Keywords: Upper extremity, Musculoskeletal, Epidemiology, Emergency department, COVID-19
1. Introduction
On March 13, 2020, the United States (U.S.) declared a national emergency to combat coronavirus disease 2019 (COVID-19) – a lethal respiratory illness caused by the novel severe acute respiratory syndrome coronavirus 2 (SARS-CoV-2). With its unbiased infectivity and rapid rate of spread, COVID-19 quickly placed significant strain on the U.S. and other national healthcare systems, prompting strategic resource reallocation and reorganization of healthcare services [1,2]. Hospital staff and medical resources were redeployed to handle the abrupt surge in critically ill patients, which led to a near complete cessation of elective services and large drop in patients seeking emergent medical care for fear of COVID-19 transmission [1,3]. As national quarantine orders came into effect and the fear of COVID-19 permeated throughout the country, the number of patients presenting to emergency departments (EDs) decreased precipitously by as much as 42% in the early phases of the pandemic [1,4]. With this, concerns arose from the medical community about patients delaying or foregoing emergency medical care altogether. While there is considerably more understanding of the epidemiology, physiology, and treatment of COVID-19, less is understood about how COVID-19 has impacted other facets of patient care in the setting of the current pandemic.

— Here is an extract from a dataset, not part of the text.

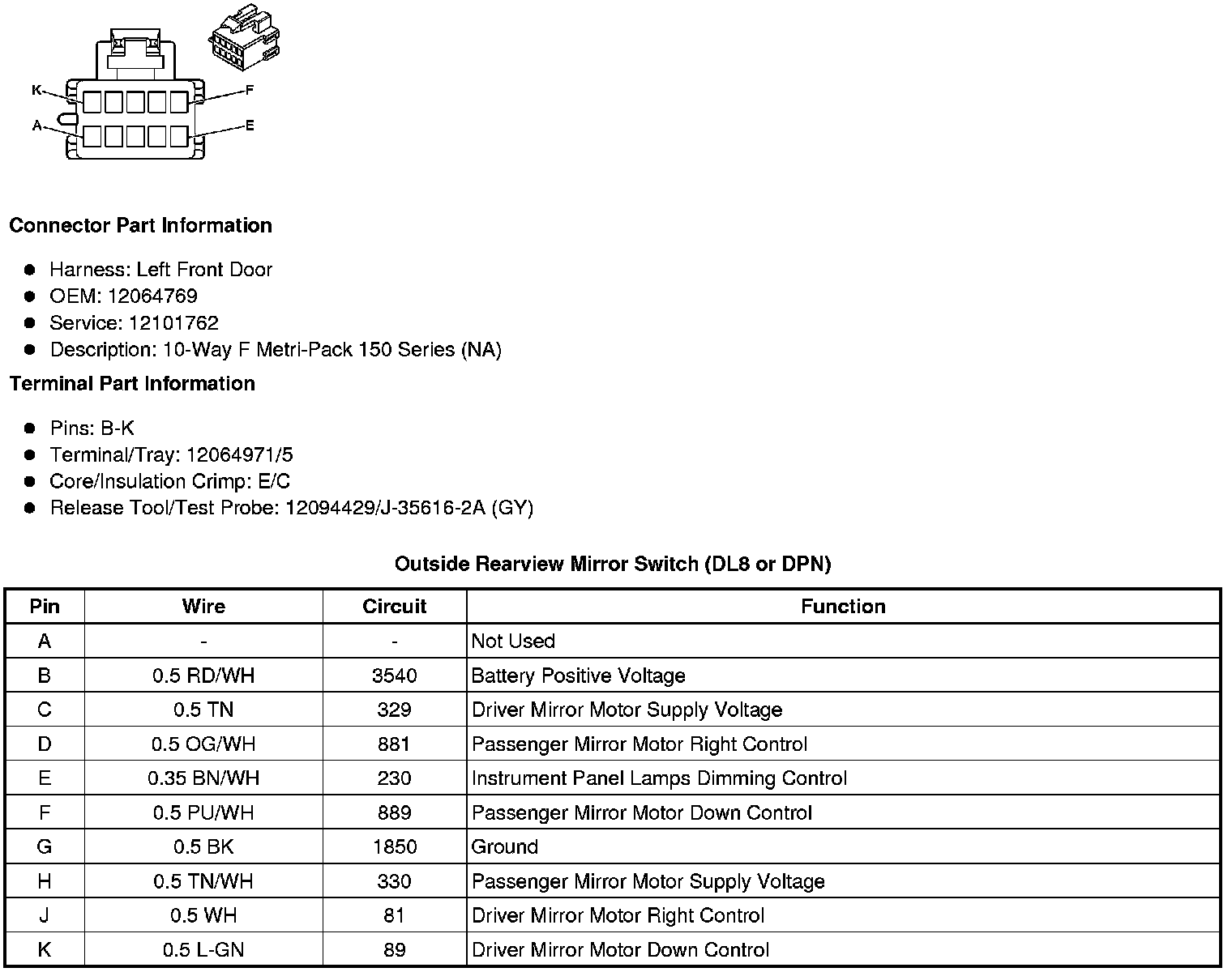 Outside Rearview Mirror Switch (DL8 or DPN)

Prior to the pandemic, musculoskeletal (MSK) conditions accounted for 602.3 million medical consultations, 2.2 billion prescriptions, and 21.5 million hospital discharges annually in the U.S. [5,6]. Among all MSK regions, hand and upper extremity (UE) injuries have historically accounted for 12% of all traumatic injuries in the U.S. that present to EDs [7]. This equated to 34 million ED visits for hand injuries from 2009 to 2012. However, fear of contagion and the implementation of national quarantines to curb the spread of COVID-19 have deterred some patients with significant UE injuries from seeking emergent medical attention [2,8].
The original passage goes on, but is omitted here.